Daydream
If I am going to be a poet
I had better stop chatting with
the homeless fellow
at the Shell station on the
corner.
I had better pour my coffee
into the most insulated of all the metal
cups
with the most securely sealed lid
engineered, credentialed
so that
I don’t spill any coffee in the car and
I had better not dream
too big before I
decide to move on and
forget myself
I had better not scream
about it and wake myself up
Canopy
The bus will take you to a place
where you have been before
but cannot seem to find.
Where the leaves are starting to turn
and the cool breeze herself
tumbles down the mountain
wearing a yellow turtleneck.
Dancing across the road,
she approaches to give you
the most amazing gift:
the color orange.
Twist it between your fingers
turn it red, against your heart
like when you were a kid
hands flung out the window
cold air rushing between each finger
soft fleece on your skin.
When you become a tree,
how tall will you be?
She asks, gently
swirling beneath the canopy
admiring the blue sky.
When you become a tree,
what will you teach me?
Smiling, she bends her arms
back in time, fluttering
at the edge of the sun
curling up into a memory
dotted with warm light.

Julie Oldbury is a writer, musician, and corporate boss bitch living in Denver, Colorado. She studied English and Creative Writing (Non-fiction and Poetry) and Visual Art at Northwest Missouri State University in Maryville, Missouri.

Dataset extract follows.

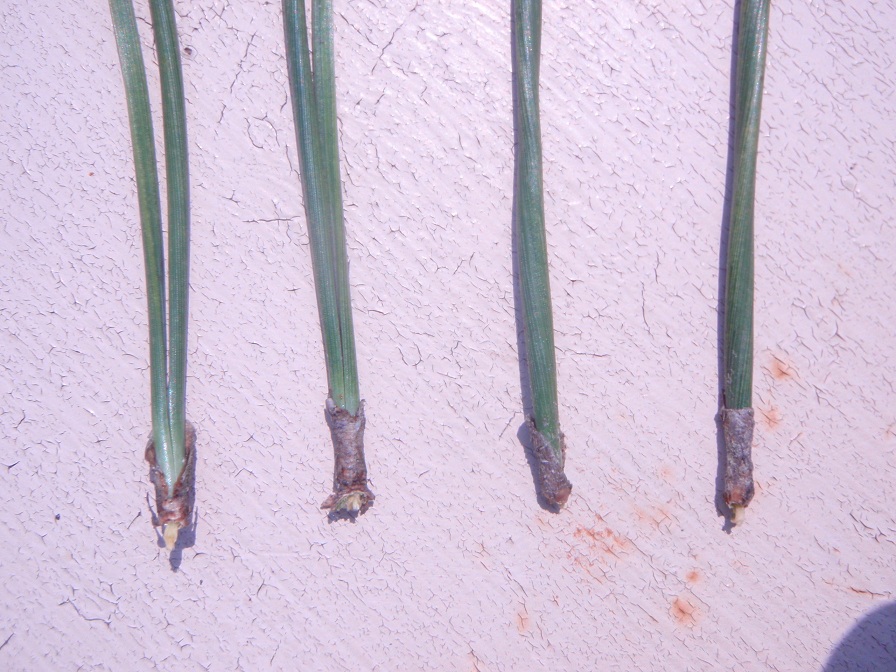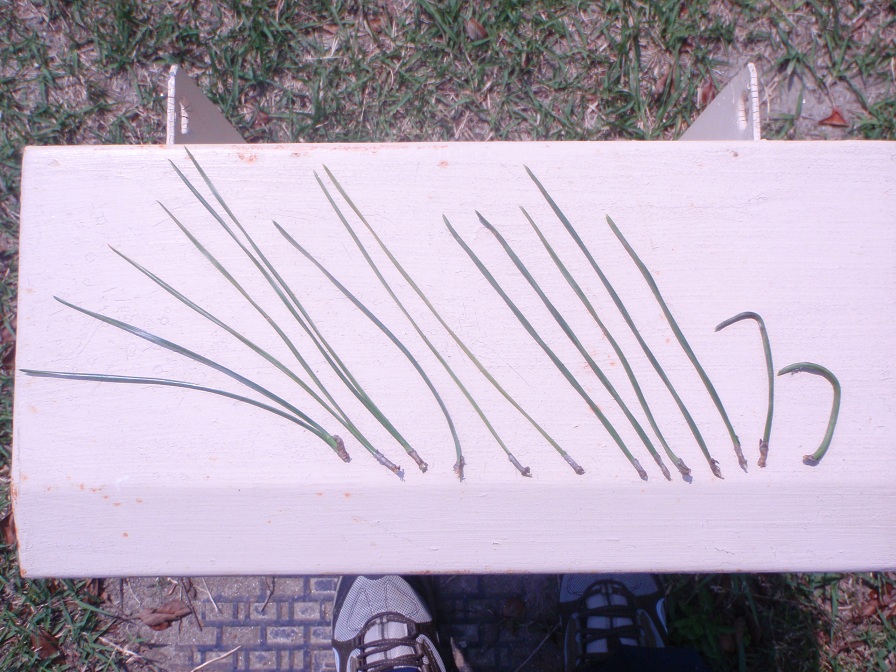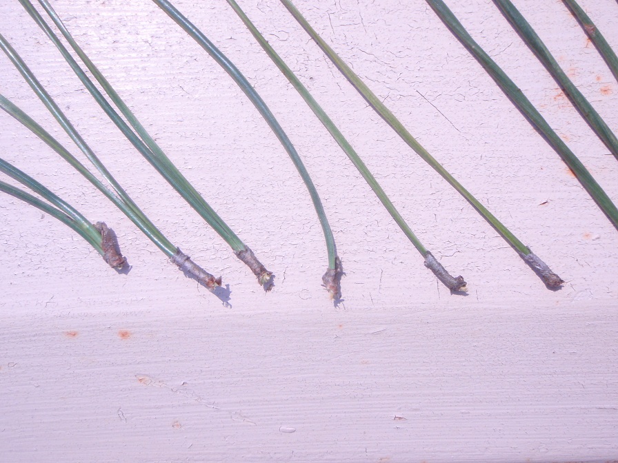 【上2枚】リュウキュウマツ…1束3針葉。 ネット上では1束2針葉が多い。5針葉もあるようだ…。

While an undergrad, Julie’s literary thesis explored connections between modernism, abstraction, and gender across the works of Virginia Woolf and Pablo Picasso. She was an editor of the student publication, Medium Weight Forks and a promotions employee of the NWMSU Visiting Writers Series. She earned a graduate degree in business from the University of Houston and currently works in the data insights and security software industry as a part of the Denver and Boulder tech community. Upon moving to Colorado in 2018, Julie rediscovered her excitement and passion for writing poetry. Inspired by her surroundings, her growing relationships, and the global landscape, Julie is in the process of compiling her first body of poetry and is actively seeking to publish her work in independent and avante-garde journals.
Hi, why do you say in your bio that you are a corporate boss bitch? Sounds harsh on you and your employees… and degrading to women in positions of power. But so… I like the gift of the color orange in your 2nd poem.